Transportation and logistics

CASTLE Lab has a long history of working in the area of transportation. Our sponsors have spanned truckload and less-than-truckload trucking, rail, military air cargo and shipping companies, in addition to business jets and cryogenic gases. Our corporate partners have included many of the largest transportation companies in the world, who have presented us with a range of challenging problems. From this work, we developed a powerful set of modeling and algorithmic tools including the DRMS modeling library and approximate dynamic programming for solving these complex problems.

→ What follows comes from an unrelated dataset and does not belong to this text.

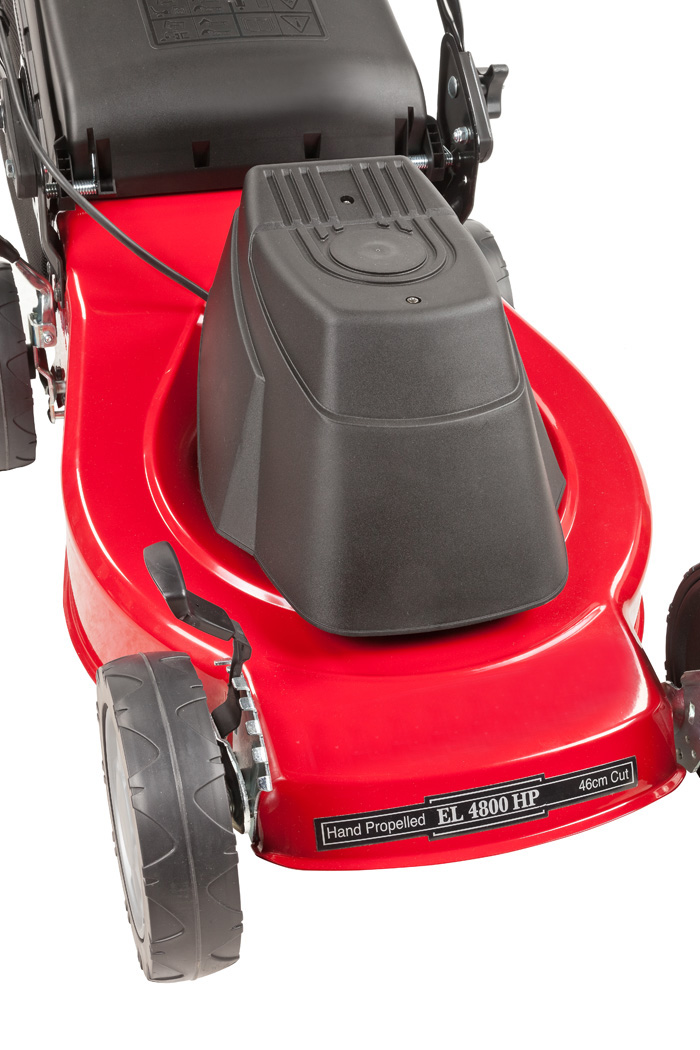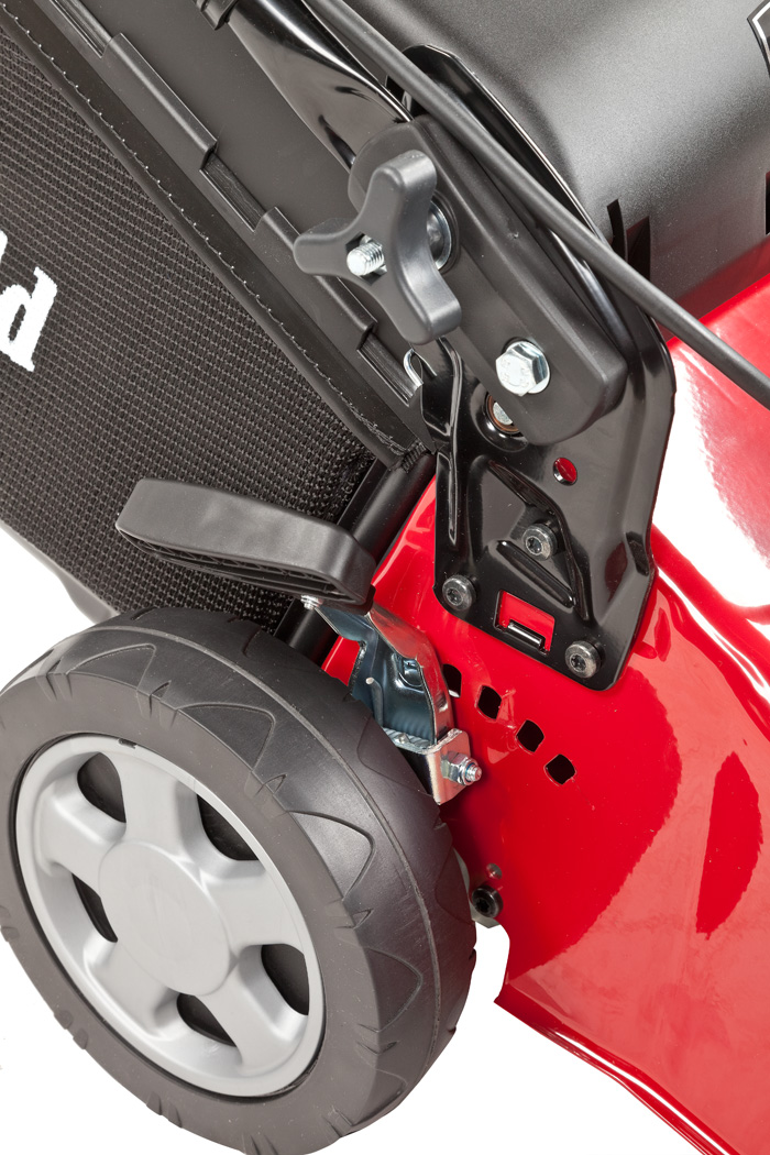 Výšku kosenia je možné pomocou dvoch pák nastaviť do niekoľkých polôh v rozmedzí 2,5 – 7,5 cm.
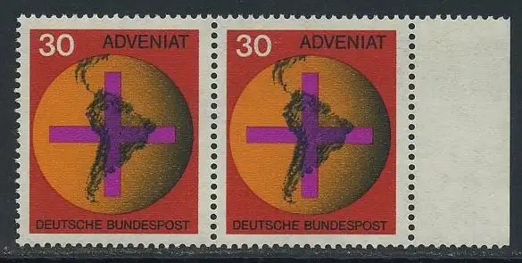 BUND 1967 Michel-Nummer 0545 postfrisch horiz.PAAR RAND rechts

For a summary of some of our industrial projects, see our link for impact on industry. In the 1980's, we developed a model for planning the operations of less-than-truckload carriers at a time when this industry was undergoing significant change. It was originally developed as "APOLLO" and then evolved to "Sysnet" (Sysnet is a registered trademark of Yellow), and was then marketed by Princeton Transportation Consulting Group (now a part of Manhattan Associates) as "Superspin," At one point, Superspin was used by virtually every LTL carrier in the industry. In 1995, new research led to our second consulting firm, Transport Dynamics.

Most of our work has focused on stochastic, dynamic models that arise in real-time operations, or as part of more detailed planning models. These problems were motivated by the need to plan fleets for truckload motor carriers, drivers for Yellow Freight, freight cars and locomotives for railroads and cargo aircraft for the airlift mobility command of the Air Force. These problems formed the motivation for our research in approximate dynamic programming.

In a recent project, a model based on approximate dynamic programming was shown to closely simulate the dispatching decisions of Schneider National, one of the nation's largest truckload motor carrier with a fleet of over 15,000 drivers. Modeling this process required solving a dynamic program which featured a state variable with millions of dimensions. In addition, the model had to handle the complex operational details required to properly model the management of drivers and loads. For a paper on the project to appear in Transportation Science, click here (c) Informs. This project was the winner of the 2009 Daniel H. Wagner Prize in operations research, which recognizes contributions to new methodology in the context of real applications. To view the short paper submitted for the award, click here.

Using ADP, we have also developed models for managing freight cars at Norfolk Southern, and recently we completed the first production-quality optimization model (using ADP) for planning and management locomotives at Norfolk Southern. This is the first formal optimization model (called "PLASMA") that can handle all of the operational details of a North American freight railroad, including penalties for breaking locomotive consists, delaying trains when necessary, and while simultaneously routing power toward shop. It will reposition locomotives to locations where power may be needed in the future, either as extra locomotives on a train or as light engine moves. It can handle locomotive attributes such as being leader-qualified, managing foreign power, or the handling the proper management of road and yard units. PLASMA can be as either a strategic planning tool or a real-time operational system.

 

 

 

We have also been developing models for Netjets, the first and largest operator in the fractional-jet ownership business (customers own a fraction of a jet). Netjets manages over 600 jets which are operated by over 2000 pilots. The problem requires simultaneously planning the assignment of pilots to aircraft to customers, while capturing a wide range of operating policies. Our model is used by Netjets to study new operating policies.

 

 

 

 

 

In a separate project, we developed SPARES, a model based on approximate dynamic programming, to guide decisions on what parts to order, when, and where they should be stored. The logic handles hundreds of spare parts, including many high-value spare parts where there might be five spares spread among 20 locations. SPARES produces a simple-to-use policy that describes how spares should be allocated among a network of facilities. The logic handles both expendable and rotable parts, and also handles lead times that can extend to six or nine months.

 

 

In addition to our work with civilian companies, we have in addition worked on several problems for the air force. A recent project used approximate dynamic programming to produce a realistic, intelligent simulator that adaptly learns how to use tankers for mid-air refueling. Another project involved developing an airlift simulator which introduces the novel idea of modeling the information available to a controller. This model was used in a project for the Canadian Air Force to estimate the cost of uncertainty, and demonstrate the power of approximate dynamic programming to produce robust solutions.